だからこそ実際の看護事例に沿ったカリキュラムで、医療ケア児の理解を深めることはファーストステップとして役立つのではないでしょうか。
医療的ケア 内容例
- チューブやカテーテルを使って、胃や腸に栄養を補給(経管栄養)
- 口や鼻、気管カニューレ内の痰を吸引(喀痰吸引)
- 気管切開をした部分を衛生的に保つ管理
- 糖尿病を患う患者さんに注射でインスリンを補給(インスリン投与)
- 導尿カテーテルの衛生管理や経過観察 など
医療的ケア児の看護研修|医療団体や企業等でも開催
都道府県別で行われる医療的ケア児等支援者養成研修の他、医療団体や企業が研修を開催しているケースもいくつかあります。そこで次に、2024年に開催が予定されている研修やセミナーを3つご紹介します。
一般社団法人日本小児看護学会
一般社団法人日本小児看護学会(以下、日本小児看護学会)では、eラーニングとして「小児看護スキルアップ研修」が開催されています。

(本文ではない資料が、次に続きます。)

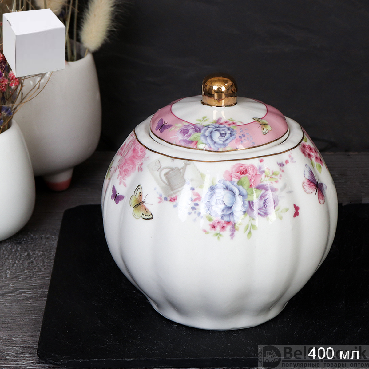 Сахарница 400 мл АКЦИЯ / FY22005 /уп 36/ Пионы

開催目的は、医療的ケアを必要するお子様とそのご家族に関わる看護師の知識と実践力向上。日頃から小児看護について深く考える学会だからこそ学べることが多くあるのでなないでしょうか。
開催コースも、習得目的別に2つ設けられているので、キャリアプランに合わせて履修できそうですね。
- 小児看護の経験がない、もしくは少ない看護師向け
- 医療の必要性が高いお子様の看護にすでに携わっている看護師や保健師向け
申し込みについて
オンライン上のeラーニングなので、研修日の設定はなく、ご自身のペースで履修できるようです。ただしコースによっては、集合研修が年2回開催するとのことですので、申し込み後に日程を確認する必要はあります。
詳しくは、日本小児看護学会にお問い合わせください。
公益財団法人日本訪問看護財団
公益財団法人日本訪問看護財団(以下、日本訪問看護財団)では、小児訪問看護に携わる看護師向けセミナーの開催が予定されています。
2024年10月19日(土)
『小児訪問看護強化セミナー ~重症心身障害児や医療ケア児の成長と発達~』
2023年はオンライン開催でしたが、今年は受講者が同じ場所に集まる集合研修の開催に。プログラム詳細はまだ発表されていませんが、昨年は以下のような内容の研修が行われました。
- 在宅で行う医療的ケア技術について
- 保護者やご兄弟等ご家族のケアについて
- 医療的ケア児の通学支援について など
申し込みについて
申し込み期間:7/1(月)~10/2(水)
※定員に達し次第締切
受講料:財団会員 8,200円/非会員 18,000円
詳しくは、日本訪問看護財団にお問合せください。
ソイナース
小児専門看護師のケアリングサービス「Soi Nurse(以下、ソイナース)」では、採用面接後勤務が決定された方に研修を実施しております。
研修内容 例
研修① 社内研修(座学)
- お仕事で使用するツール
- 電子カルテの操作レクチャー
- 訪問前の情報収集方法
- 訪問マナー など
研修② OJT研修(実践)
常勤看護師と実際の訪問看護ケアを実践していただきます。
- 利用者様のご自宅に訪問もしくは特別支援学校へのバスに同乗
- 電子カルテから事前に収集した情報を元にケアの実施
お子様やご家族との関わり方を常勤看護師が確認し、今後単独での訪問を任せられるかの評価をします。
初回同行
初めてのお子様への訪問や特別支援学校へのバス同乗に、常勤看護師が同行しサポートします。疑問や不安な点は遠慮なくご質問ください。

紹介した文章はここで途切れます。